GLORIA MACAPAGAL ARROYO, Petitioner,


vs.
PEOPLE OF THE PHILIPPINES AND THE SANDIGANBAYAN, (First Division),
Respondents.
G.R. No. 220598 | April 18, 2017
BERSAMIN, J.

DOCTRINE:
The law requires in the criminal charge for plunder against several individuals that there must be
a main plunderer and her co-conspirators, who may be members of her family, relatives by
affinity or consanguinity, business associates, subordinates, or other persons. Moreover, personal
benefit to him/her needs to be proved.

FACTS:
Former President Gloria Macapagal-Arroyo and Benigno Aguas were charged with plunder for
allegedly amassing ill-gotten wealth through the diversion of funds from the Philippine Charity
Sweepstakes Office (PCSO) to the Office of the President. Arroyo and Aguas’ demurrers to
evidence were denied by the Sandiganbayan but were later on granted by the Supreme Court due
to insufficient evidence to sustain their indictment for plunder.

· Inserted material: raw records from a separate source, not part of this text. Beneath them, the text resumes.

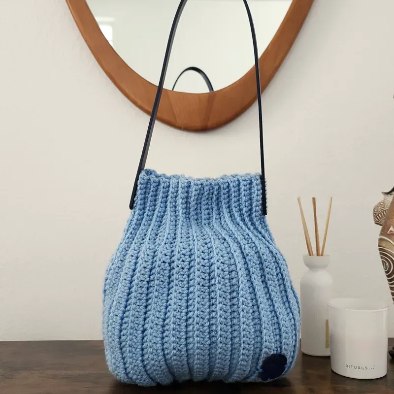 Bolso de acrílico con asa de cuero sintético, cierre imantado y forro interno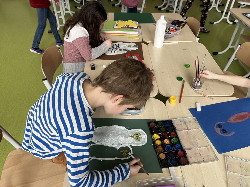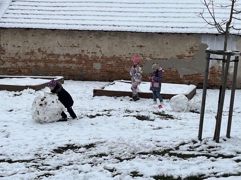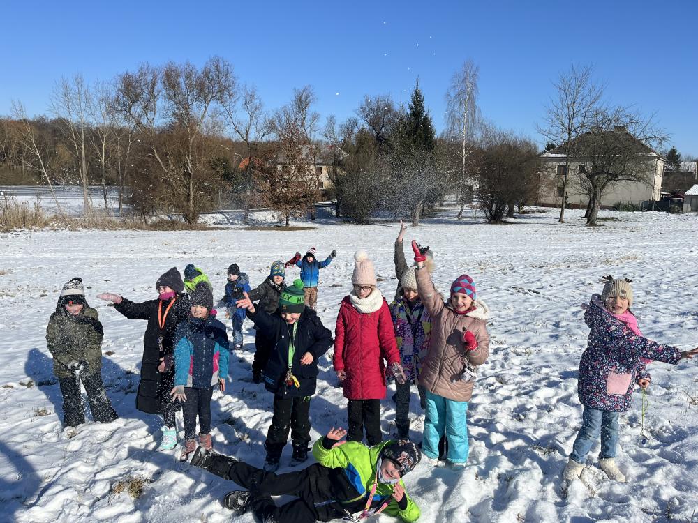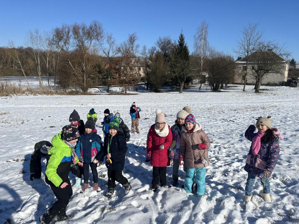 Únor se konečně ukázal jako pravý zimní měsíc s malou sněhovou nadílkou a mrazivým počasím. Na vycházkách se děti vyřádily ve sněhu, pozorovaly kachny na rybníku a sypaly ptáčkům do krmítka. Na školní zahradě se objevilo několik sněhuláků a staveb ze sněhu.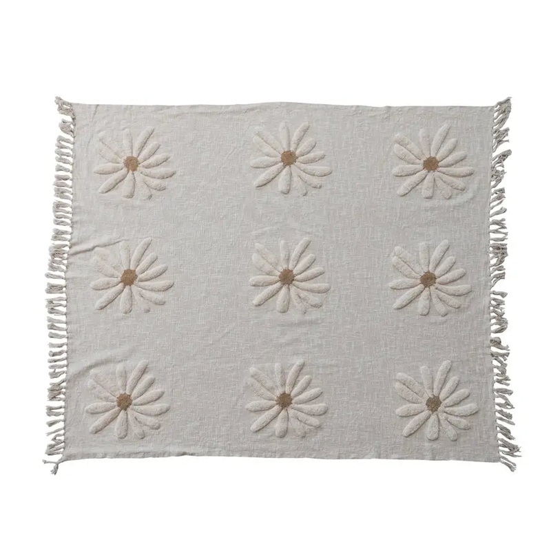 Bring soft texture and charm to your space with this cotton slub throw featuring tufted flowers and fringe. In natural and tan tones, it adds a warm, earthy feel to any room. Perfect for layering on a bed, cozying up on the couch, or draping over a chair f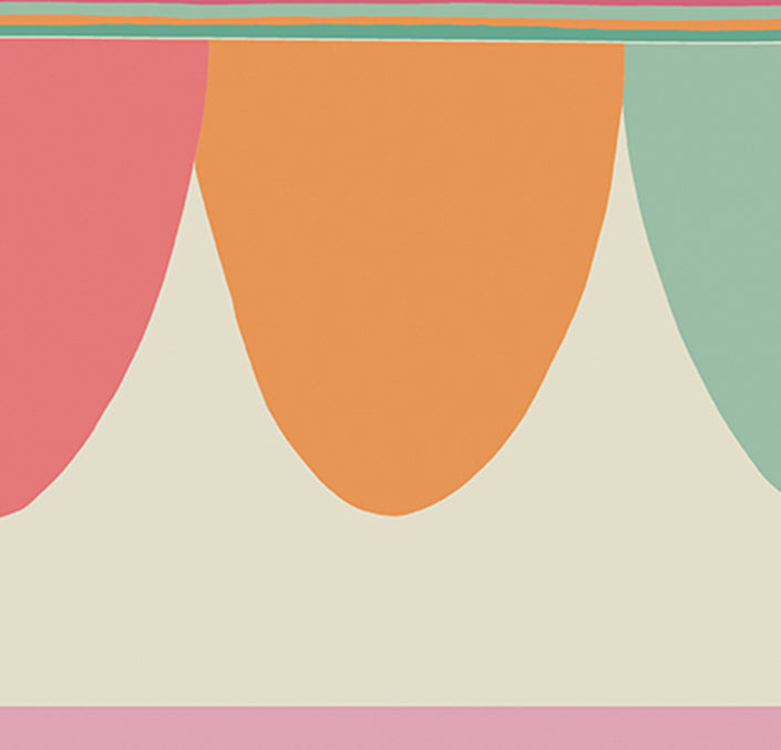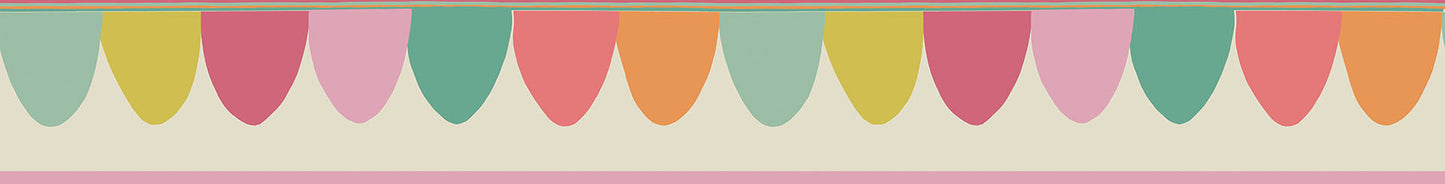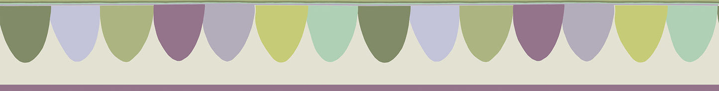 Rappelant les fanions du carnavall, cette bordure fine a été conçue pour ajouter une touche de fantaisie à un intérieur. Proposé dans des tons éclatants et exubérants : Olive et Purple, ainsi que dans des pastels plus doux et crayeux, Scaramouche peut s’appliquer partout dans une pièce.

Through the Office of the Ombudsman, the State moved for reconsideration, alleging that there
was sufficient evidence to sustain the indictment for plunder against Arroyo and Aguas. Thus,
this present petition.

ISSUES:
1. Whether there was sufficient evidence to sustain the indictment for plunder against
former President Gloria Macapagal-Arroyo and Benigno Aguas.
2. Whether identification of (1) the main plunderer and (2) personal benefit to him/her are
elements in the crime of plunder.

RULING:
No. There was insufficient evidence to sustain the indictment for plunder against former
President Gloria Macapagal-Arroyo and Benigno Aguas. The Sandiganbayan also failed to allege
and prove the elements of (1) the identity of the main plunderer and (2) the personal benefit to
him/her.
The law on plunder requires that a particular public officer must be identified as the one who
amassed, acquired, or accumulated ill-gotten wealth because it plainly states that plunder is
committed by any public officer who, by himself or in connivance with members of his family,
relatives by affinity or consanguinity, business associates, subordinates or other persons,
amasses, accumulates or acquires ill-gotten wealth in the aggregate amount or total value of at
least P50,000,000.00 through a combination or series of overt criminal acts as described in
Section l(d) hereof. Surely, the law requires in the criminal charge for plunder against several
individuals that there must be a main plunderer and her co-conspirators, who may be members of
her family, relatives by affinity or consanguinity, business associates, subordinates, or other
persons. In other words, the allegation of the wheel conspiracy or express conspiracy in the
information was appropriate because the main plunderer would then be identified in either
manner. Of course, implied conspiracy could also identify the main plunderer, but that fact must
be properly alleged and duly proven by the Prosecution.

Moreover, the phrase raids on the public treasury similarly requires such use of the property
taken. Accordingly, the Sandiganbayan gravely erred in contending that the mere accumulation
and gathering constituted the forbidden act of raids on the public treasury. Pursuant to the maxim
of noscitur a sociis, raids on the public treasury require the raider to use the property taken
impliedly for his personal benefit.

Thus, the Prosecution failed to establish the corpus delicti of plunder - that any or all of the
accused public officials, particularly petitioner Arroyo, had amassed, accumulated, or acquired
ill-gotten wealth in the aggregate amount or total value of at least P50,000,000.00.

WHEREFORE, the Court DENIES the motion for reconsideration for lack of merit.